Data section

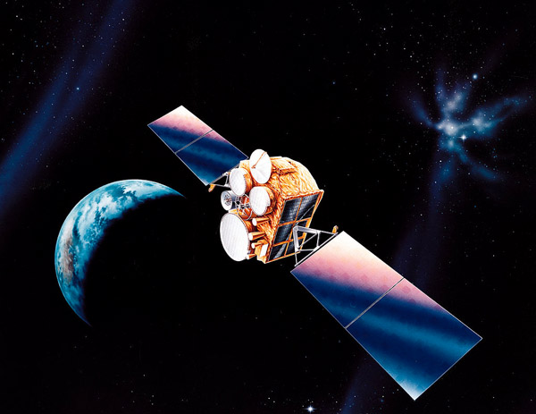 Satelit z oddajno anteno na Zemljo pošilja
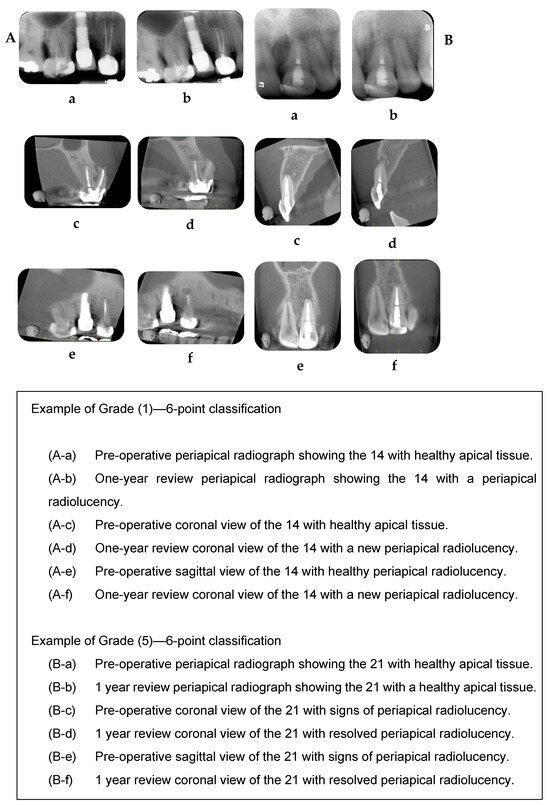 - Patel, S.; Wilson, R.; Dawood, A.; Mannocci, F. The detection of periapical pathosis using periapical radiography and cone beam computed tomography—Part 1: Pre-operative status. Int. Endod. J. 2012, 45, 702–710. [Google Scholar] [CrossRef]
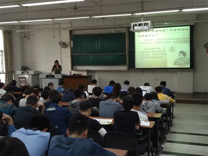 在101教室,陈林老师先向同学们讲述了学院篮球赛上的一个案例,引起了同学们对于安全问题的重视。然后陈林老师用PPT幻灯片向同学们展示了校园里容易出现的一些安全问题,并着重强调了体育运动方面的安全,同时告诫同学们要有安全意识和保险意识。
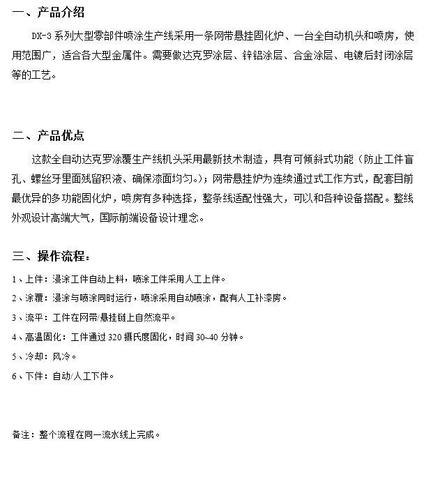 產品名稱:DX-3系列大型零部件噴涂生產線
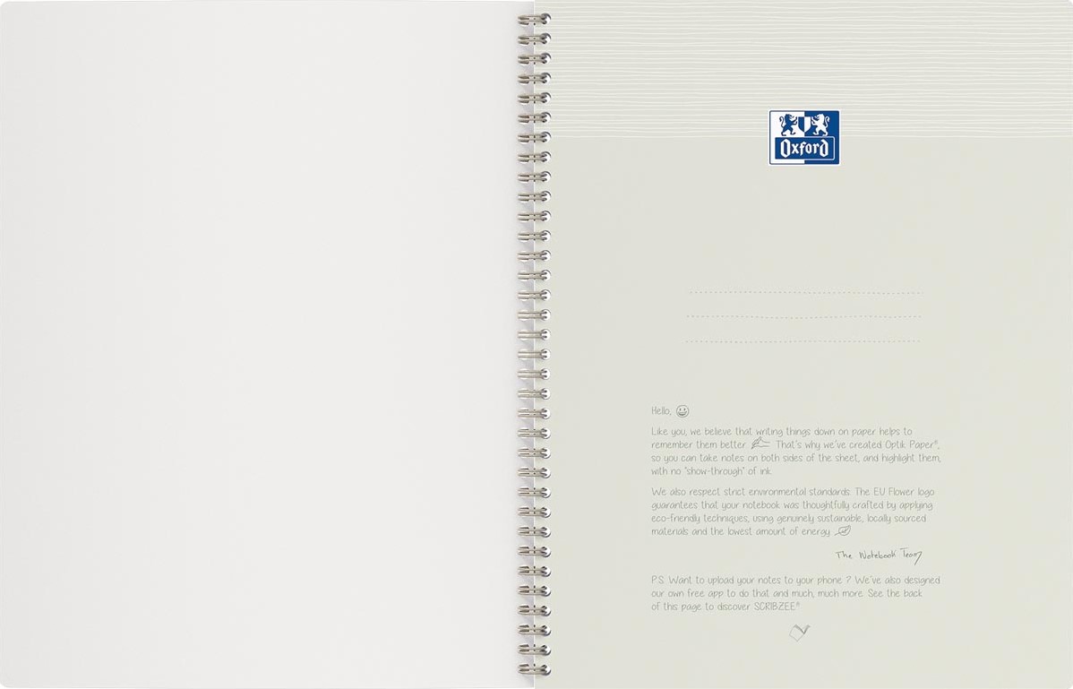 Ft 23 x 29,7 cm (A4+). Optik papier van 90 g/m². 140 bladzijden (70 vel). Soepele kartonnen kaft met een krasbestendige matte afwerking en ronde hoeken. Dubbelspiraal om 360 graden open te leggen. Met uitscheurbare vellen. Met scanfunctie. Compatibel met Scribzee App. Certificaat: EU Ecolabel
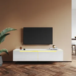 SONNI TV-Schränke Weiß Hochglanz Hängend Mit Led 140 X 35 X 30cm
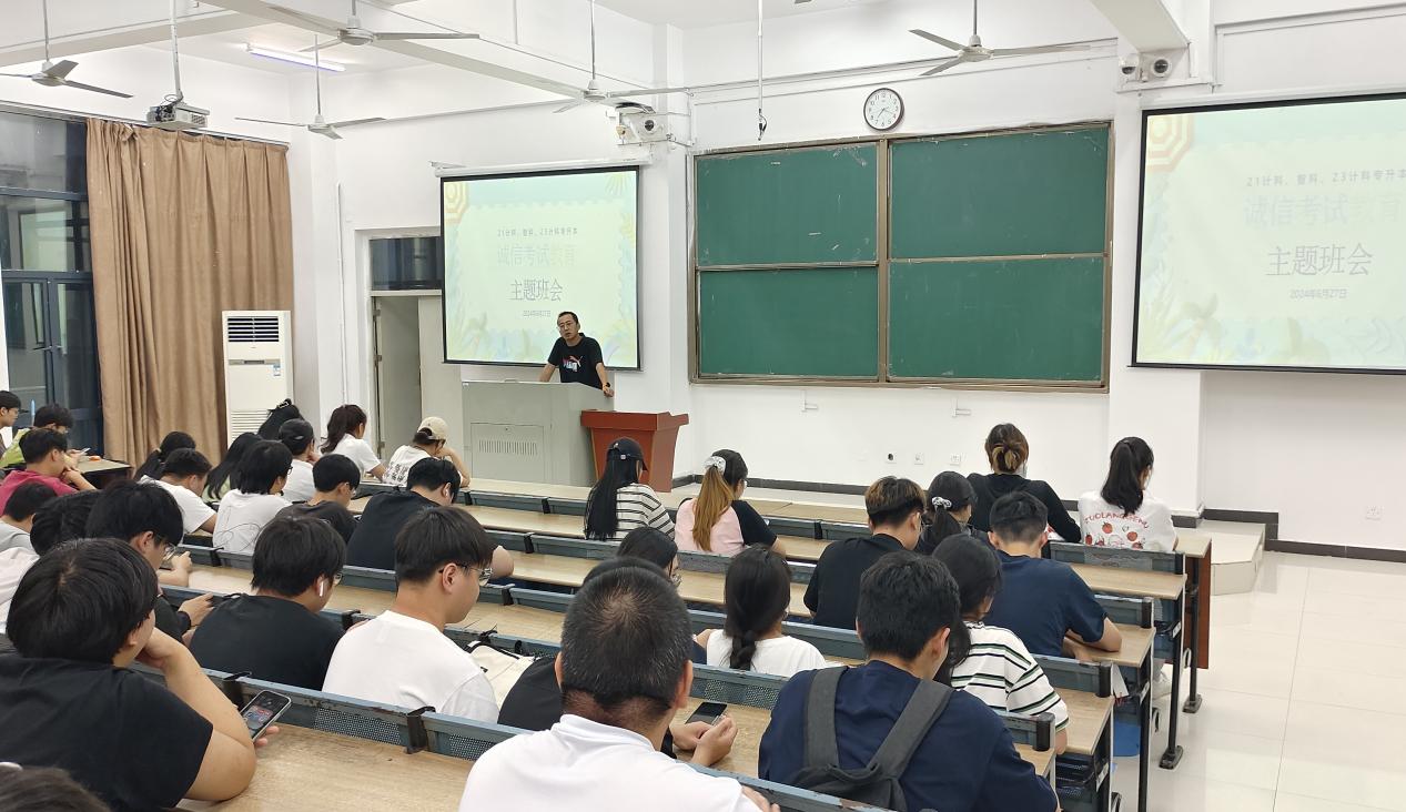 為進一步加強學生誠信意識,提高安全防范能力,并促進學生積極就業,人工智能與大數據學院學生第一黨支部于2024年6月27日晚七點,在36-1JT教室成功召開了以“誠信考試教育”為主題的班會。本次班會特別針對21級計算機科學與技術、智能科學與技術專業以及23級計算機科學與技術專升本班的學生,支部書記、輔導員汪劍老師擔任主講人。
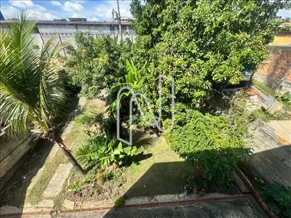 Quintal com árvores frutíferas, galinheiro e espaço para várias vagas de garagem.
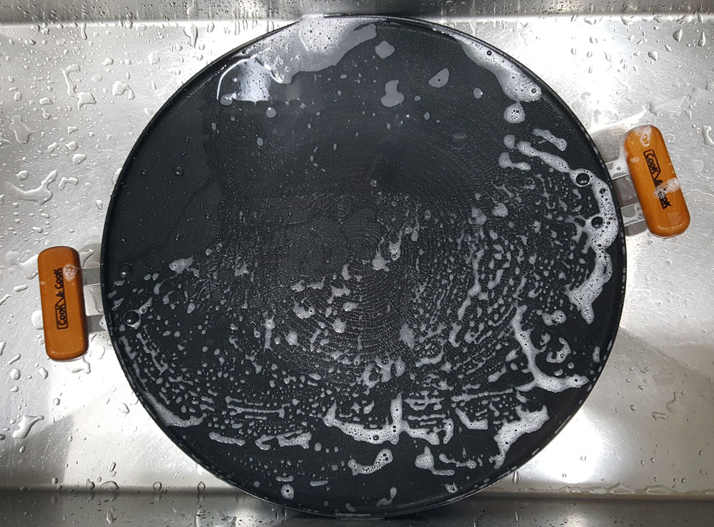 베로나 인덕션 그리들 팬 40cm 제품을 씻기 위해 싱크대에 넣었는데, 너무 커서 싱크대에 비스듬하게 놓을 수 밖에 없었습니다. 가정에서 사용한다면 지름 35cm 크기 제품이 유리할 수도 있을 것입니다.
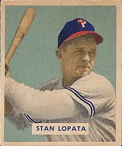 On February 6, 1949, Lopata signed a contract with the Philadelphia Phillies, joining five other catchers on the squad going into spring training.[13] The rookie impressed manager Eddie Sawyer so much in spring training that he initially won the role of starting catcher from six-year veteran Andy Seminick, citing that he was "the most improved player on the club."[14] He was said to be a product of club President Bob Carpenter's "youth movement."[15] The Phillies had the youngest team in the majors that year, calling themselves the "Fighting Phillies of '49,"[16] determined to improve upon their dreadful record of 66–88 from the 1948 season.[3] Despite having the starting job, Lopata split time with Seminick, eventually playing in less games than Seminick and also providing much less offensive support. Despite putting up relatively average numbers of a .271 batting average, 8 home runs, and 27 RBI in 83 games, the 23-year-old's first full season was generally regarded as a success. One reporter recalled that Lopata "hit one of the longest homers Sunday at Shibe Park since the days of (Jimmie) Foxx."[17]

What is required
Using the records above, print exactly the lines between the ones containing "- Patel, S.;" and "產品名稱:DX-3系列大型零部件噴涂生產線", inclusive, and nothing else; no pictures.

Task answer
 - Patel, S.; Wilson, R.; Dawood, A.; Mannocci, F. The detection of periapical pathosis using periapical radiography and cone beam computed tomography—Part 1: Pre-operative status. Int. Endod. J. 2012, 45, 702–710. [Google Scholar] [CrossRef]
 在101教室,陈林老师先向同学们讲述了学院篮球赛上的一个案例,引起了同学们对于安全问题的重视。然后陈林老师用PPT幻灯片向同学们展示了校园里容易出现的一些安全问题,并着重强调了体育运动方面的安全,同时告诫同学们要有安全意识和保险意识。
 產品名稱:DX-3系列大型零部件噴涂生產線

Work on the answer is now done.